Workshop 12th March: writing a field guide to predictive methods in ecology

Badger culls, fishing quotas, global warming and freakish weather. All things which have been in the news recently; and all things which require computer models to make predictions to inform decision making.

If we take the badger cull, there has been huge criticism over whether the cull will work. Targets indicated that Gloucestershire badger populations needed to be cut by 70%, otherwise TB could be spread more than if there was no cull. Apparently only 708 badgers were killed, an estimated 30% of the population (does this mean there are only 2360 badgers in Gloucestershire?).

Is it practically possible to provide more certainty about population numbers, effective cull percentages and even whether badger culls will work?

Perhaps using modern computational methods will help.

For example, fishing quotas (or at least the scientific targets, before the politicians become involved) largely rely on estimations of population size derived from accounting methods, developed many decades ago. If a fish species typically lives five years, and you estimate the number of each age group caught each year, then you can work backwards to estimate the population size five years ago. These methods, however, don’t consider biological effects such as competition and predation from other fish, because these mathematical parameters are hard to define (some methods do, and are based on repeated sampling of fish stomach contents to find out what they eat).

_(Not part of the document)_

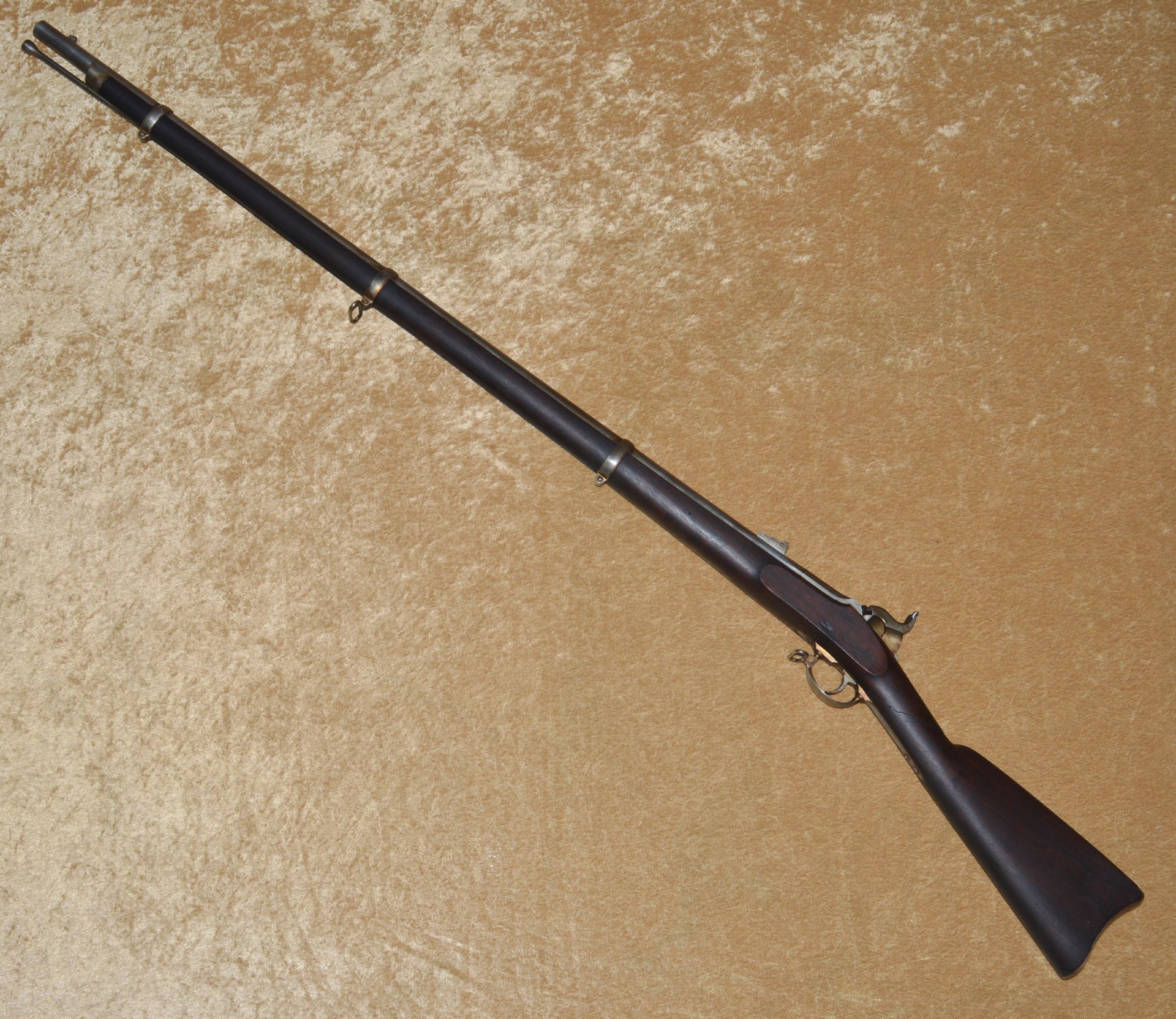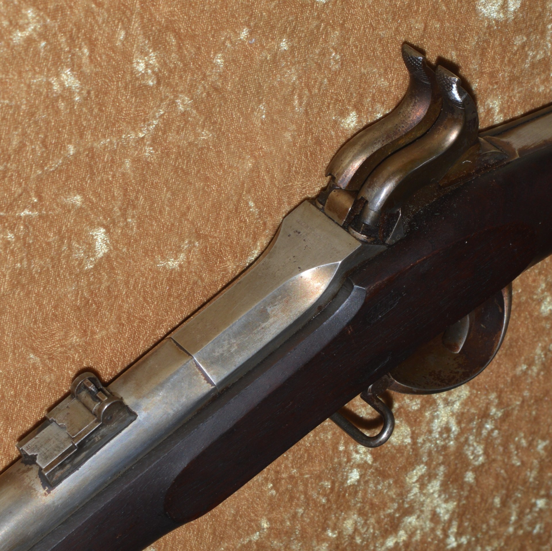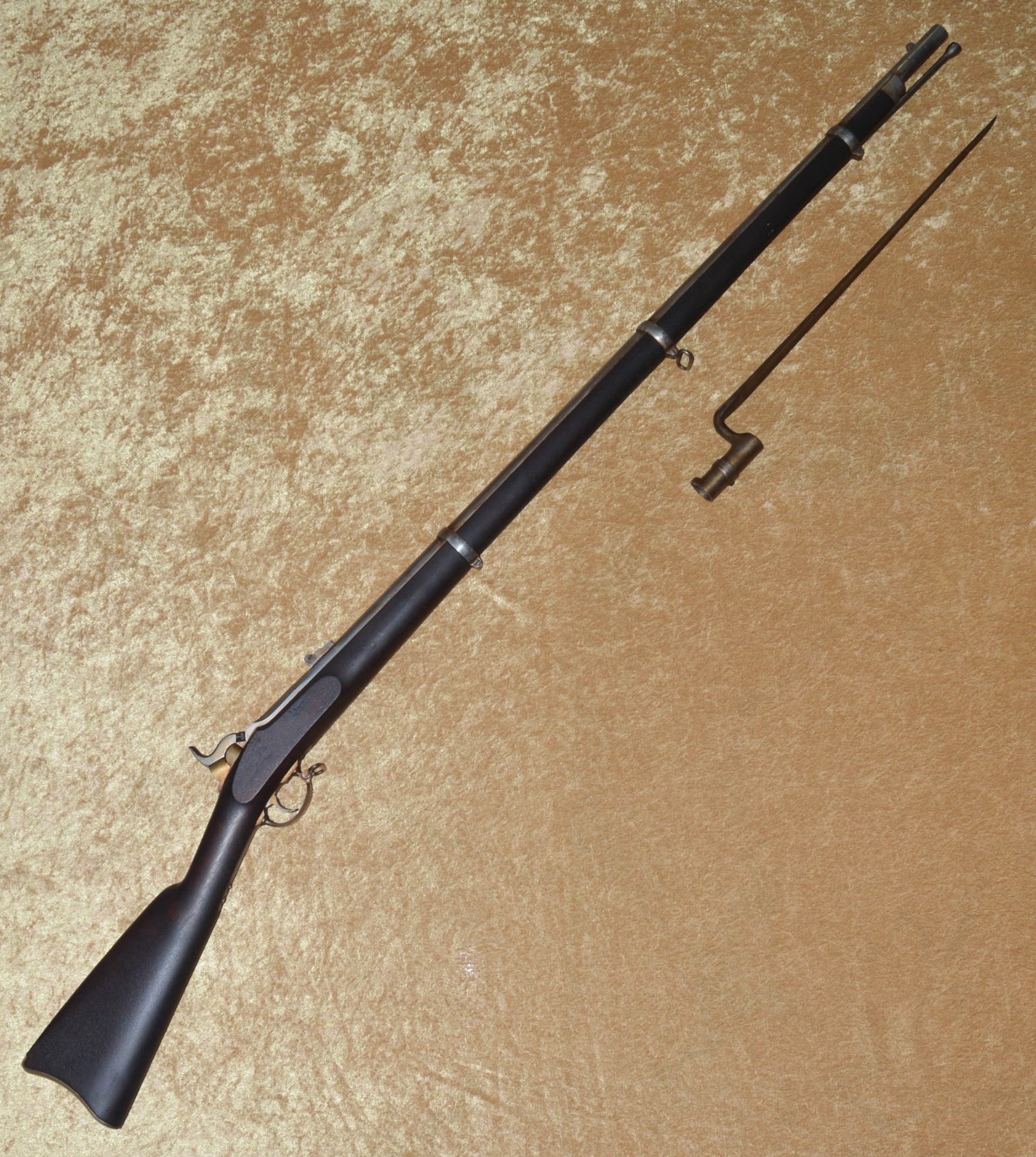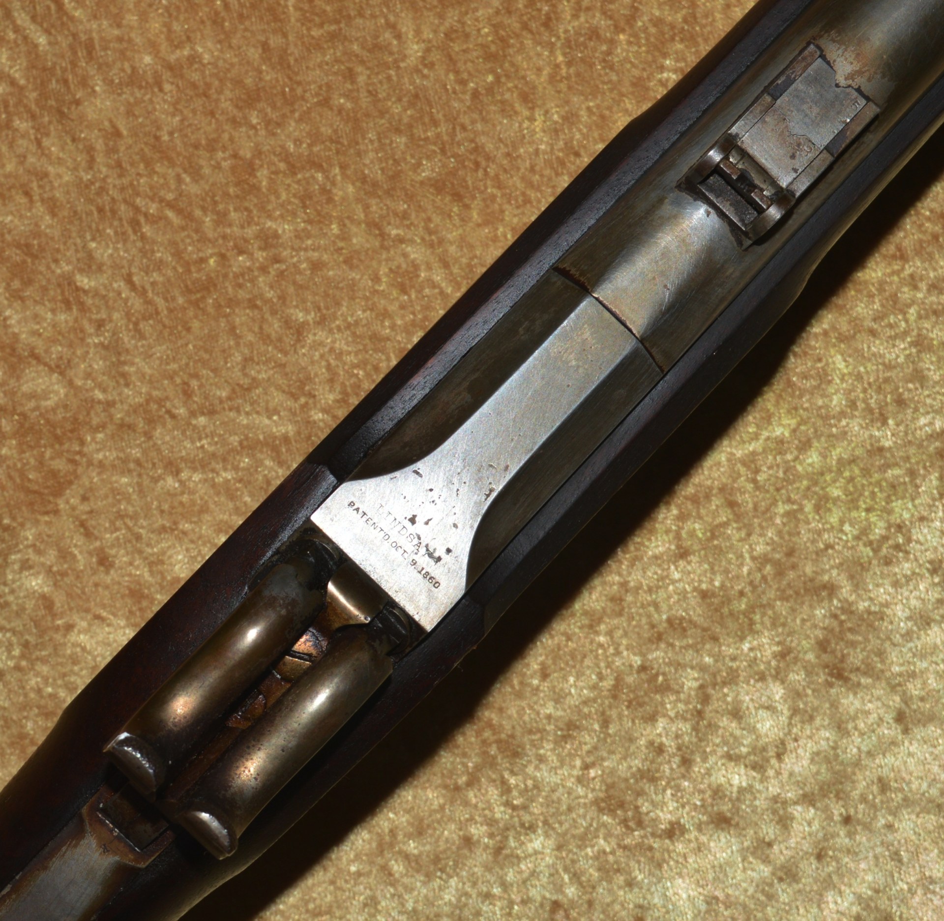 Patented on the eve of the Civil War by J. P. Lindsay in October, 1860, using the same principle as his earlier two-shot percussion pistols, the M1863 Double Rifle Musket was a novel idea, but ultimately proved ineffective in the field. It used a single rifled .58 caliber barrel, with twin hammers and percussion nipples operated by a single trigger to fire superimposed charges, one loaded atop the other. The principle was that the forward-most charge would be fired first, with the rear-most charge firing second. The idea was apparently well-received because the U.S. Ordnance Department contracted for 1,000 of them. In actuality, however, the mechanism proved somewhat involved and often resulted in both charges firing simultaneously, frequently causing damage and/or injury. They were not well received by the units issued them and ultimately their use was abandoned. It features a 41 1/8” round barrel with semi-octagonal breech stamped “LINDSAY/PATENT’D OCT. 9. 1860”; with 3-position folding rear sight and front blade sight that doubles as a bayonet lug. Rather than having a traditional lock and lockplate set in from the right side of the stock, the firing mechanism drops into a mortise from the top and is not exposed from the side. This made servicing the weapon more difficult than traditional muskets. Walnut full stock with two stamped ADK inspector cartouches (Andrew D. King) on the left flat and iron mounts, including 3 barrel bands, fore end cap, ramrod, and butt plate. Sling swivels mounted on the front of the trigger guard and middle barrel band. Included is an original angular socket bayonet, stamped “US” at the base of the blade. Overall length 56”. Metal is smooth and mostly bright, with remains of an old layer of grease. Walnut stock shows minor handling marks, but the left side has a crack running from the rear of the trigger guard to the back of the mechanism tang (not visible from the right side). This was possibly caused by both charges firing simultaneously.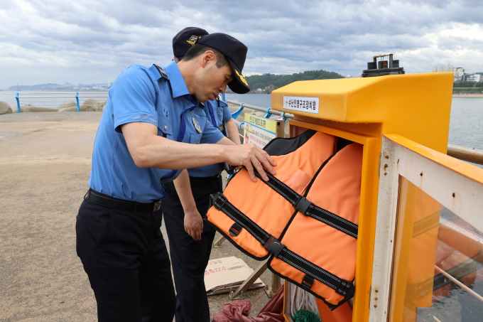 김환경 동해해경서장이 해안에 비치된 구명조끼를 점검하고 있다.[사진=동해해양경찰서] 2025.10.03 onemoregive@newspim.com |

However, given most fish eat things which generally fit into their mouths, a computational approach, perhaps involving an agent-based model where fish move around randomly interacting with other fish, and consuming smaller ones, may give a good indication of predation rates?

Of course, scaling up an individual-based model to predict species interactions in the North Sea fish stocks is a massive task involving huge amounts of computing time, and even so, without an accurate knowledge of how fish behave, may prove much less accurate than the simple accounting methods currently used.

The key is, different predictive models do different things. They may be able to provide parameter estimates, but not predict population change; or they may provide good short-term predictions but not long-term; or excellent temporal predictions but with no spatial information.

So how do you know what to choose?


That question is the focus of a workshop to take place at Microsoft Research (Cambridge) on Wednesday 12th March. We want scientists involved in predictive ecology to attend, and to give an honest critique of their methods. What are the advantages? What are the disadvantages and the limitations of these approaches? We’d also like the end users to attend, whether you are policy makers, conservationists or industry based. What do you need from predictive ecology? The aim of the workshop will be to develop an honest ‘field-guide’ to predictive methods in ecology. This will make it easier for people to identify suitable methods for particular problems, know the benefits of particular methods and their pitfalls, and make it much easier to know how such predictions stack up against end user requirements for these predictions.